• _What you have to do_
Starting from the line with "PPX 磐鑫 PPX-TR19535", please copy exactly every line to the end of the listing, but not the pictures.

• _Source material_
■ ■ ■ ■ ■ ■ ■
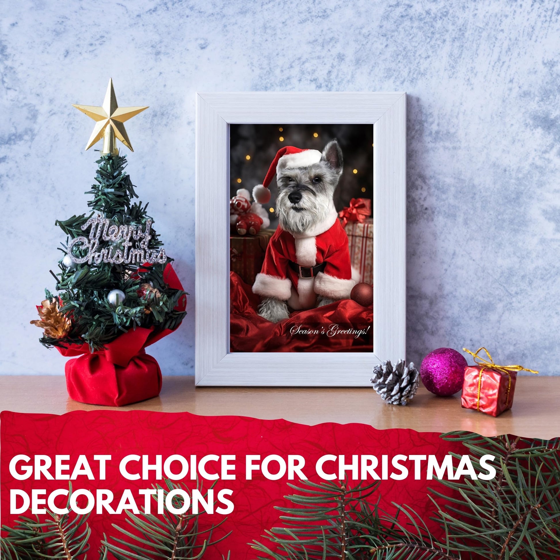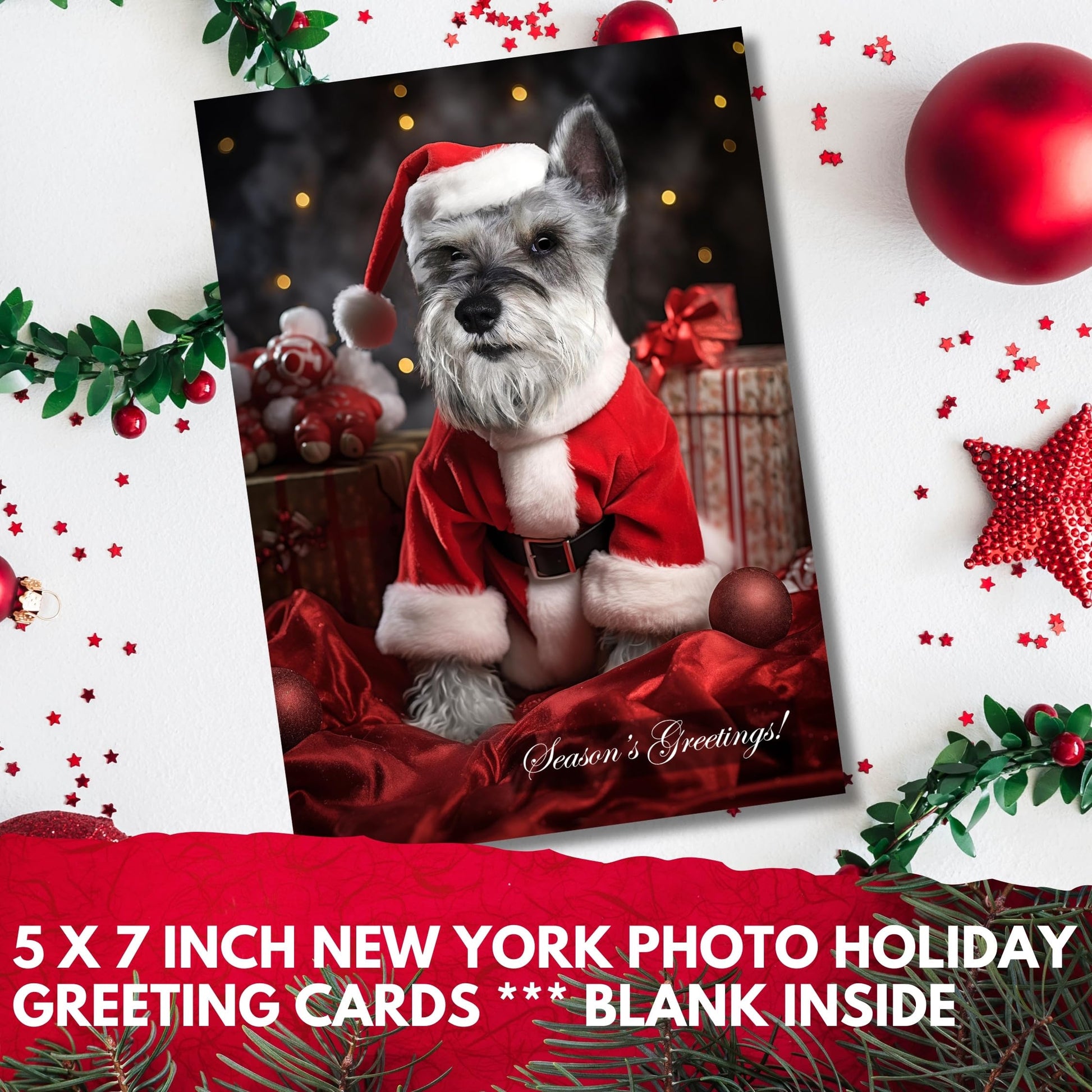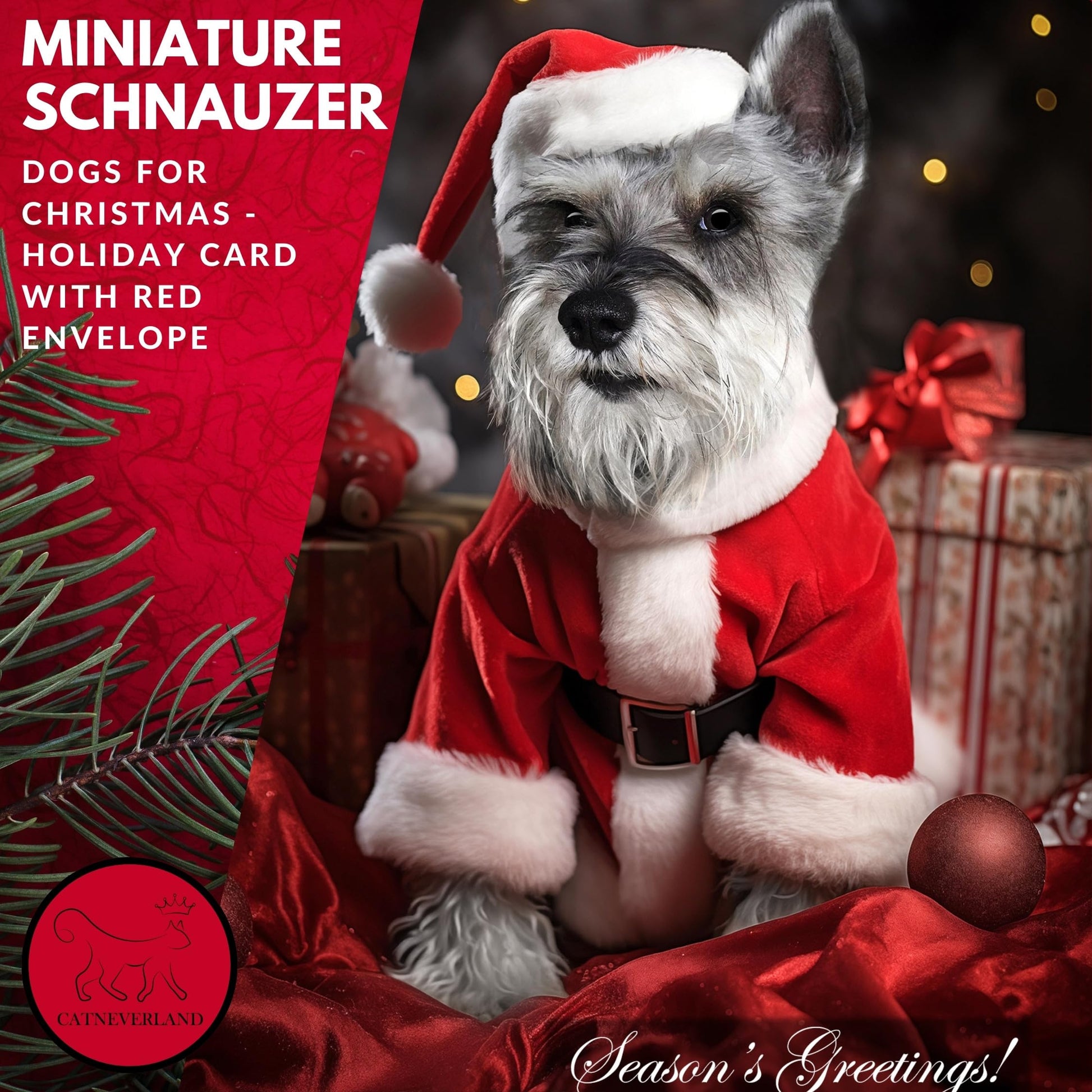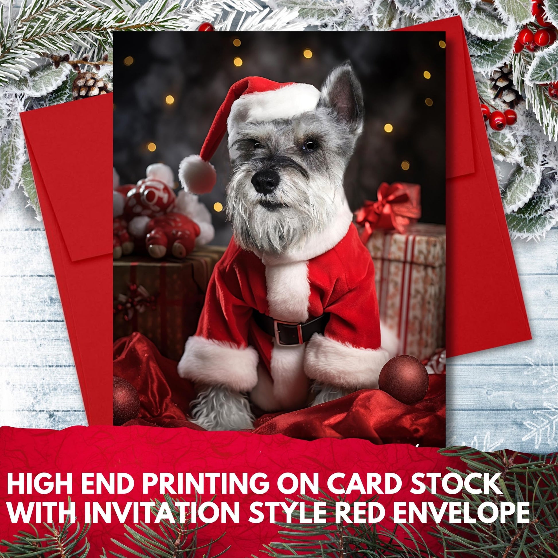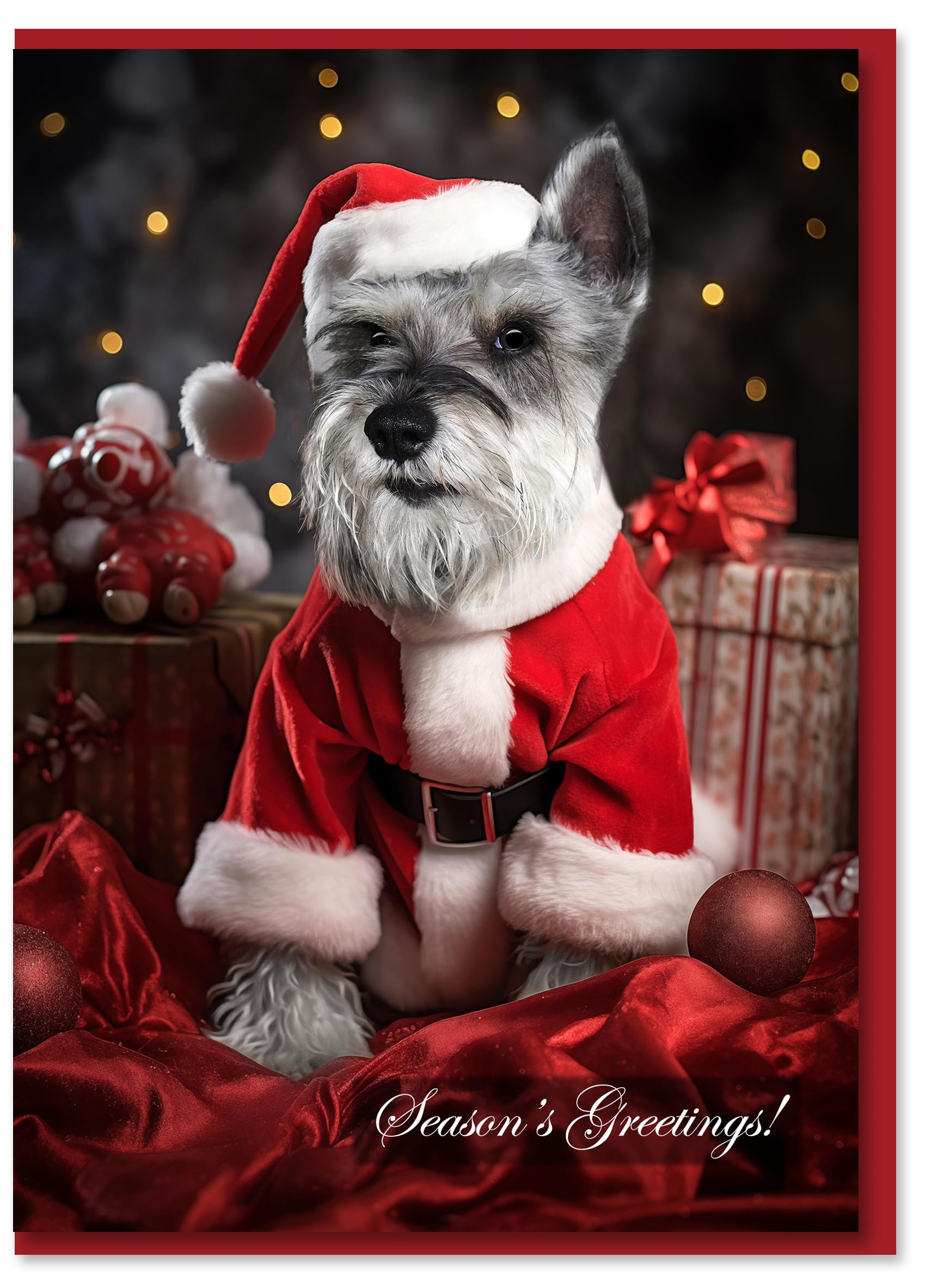 Capturing the holiday spirit with a festive Miniature Schnauzer design in a Santa outfit, this card is a charming addition to the Dogs for Christmas Collection. The blank interior allows for personalization, and the premium cardstock and high-end printing add to the quality feel. Includes a festive red envelope and proudly made in the USA by a pet-friendly small business.
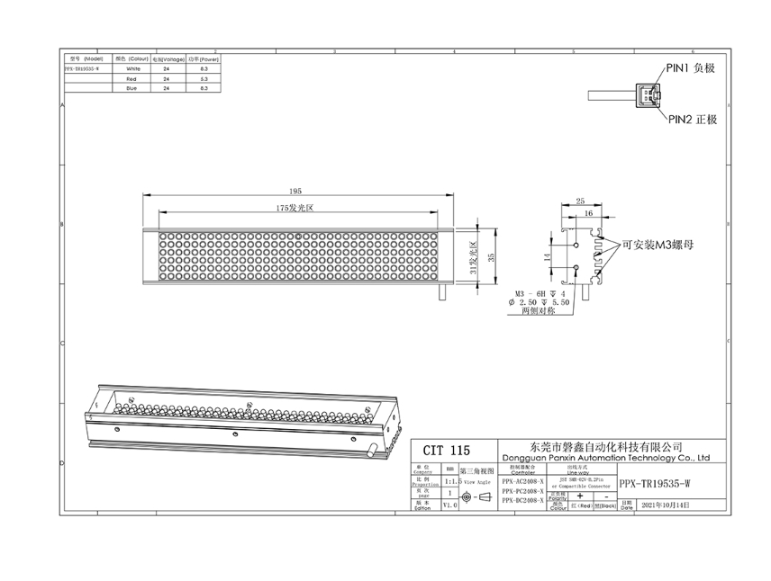 PPX 磐鑫 PPX-TR19535 条形光源 应用范围 较大物体表面检测/图像扫描/二维码识别/条形边缺陷检测 产品特点 产品尺寸跨度大发光长度从几十毫米到几千毫米均可制作大面积打光首选 高密度LED排列亮度高照射均匀 选配漫反射板,光线柔和均匀性更强 光源电源线采用定制设计的出线卡扣提高光源抗拉扯,耐摇摆性能10倍以上 照射角度自由灵活安装方式灵活 01. 技术指标 手机/微信:13682357734 电话:0755-84690029 QQ: 2844337877 邮箱:2844337877@qq.com...
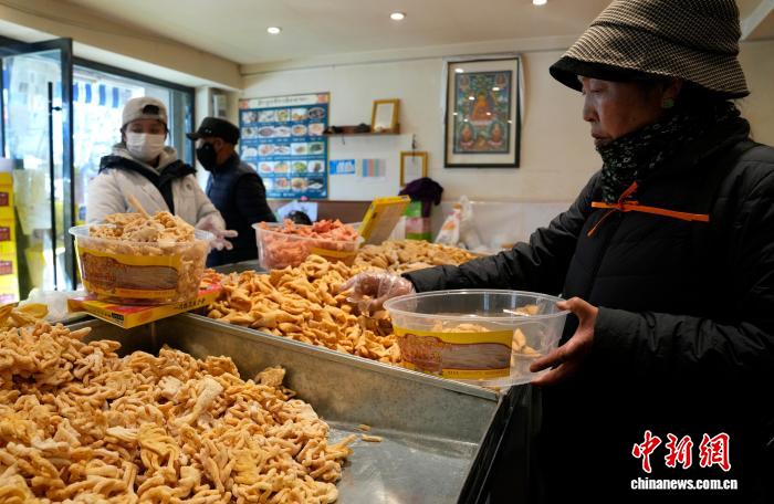 隨著春節(jié)、藏歷新年日益臨近,西藏拉薩街頭年味漸濃。4日,在拉薩市城關(guān)區(qū)林廓北路等路段,沿街不少商店都在制作、售賣(mài)卡塞。
■ ■ ■ ■ ■ ■ ■
• _Exercise response_
 PPX 磐鑫 PPX-TR19535 条形光源 应用范围 较大物体表面检测/图像扫描/二维码识别/条形边缺陷检测 产品特点 产品尺寸跨度大发光长度从几十毫米到几千毫米均可制作大面积打光首选 高密度LED排列亮度高照射均匀 选配漫反射板,光线柔和均匀性更强 光源电源线采用定制设计的出线卡扣提高光源抗拉扯,耐摇摆性能10倍以上 照射角度自由灵活安装方式灵活 01. 技术指标 手机/微信:13682357734 电话:0755-84690029 QQ: 2844337877 邮箱:2844337877@qq.com...
 隨著春節(jié)、藏歷新年日益臨近,西藏拉薩街頭年味漸濃。4日,在拉薩市城關(guān)區(qū)林廓北路等路段,沿街不少商店都在制作、售賣(mài)卡塞。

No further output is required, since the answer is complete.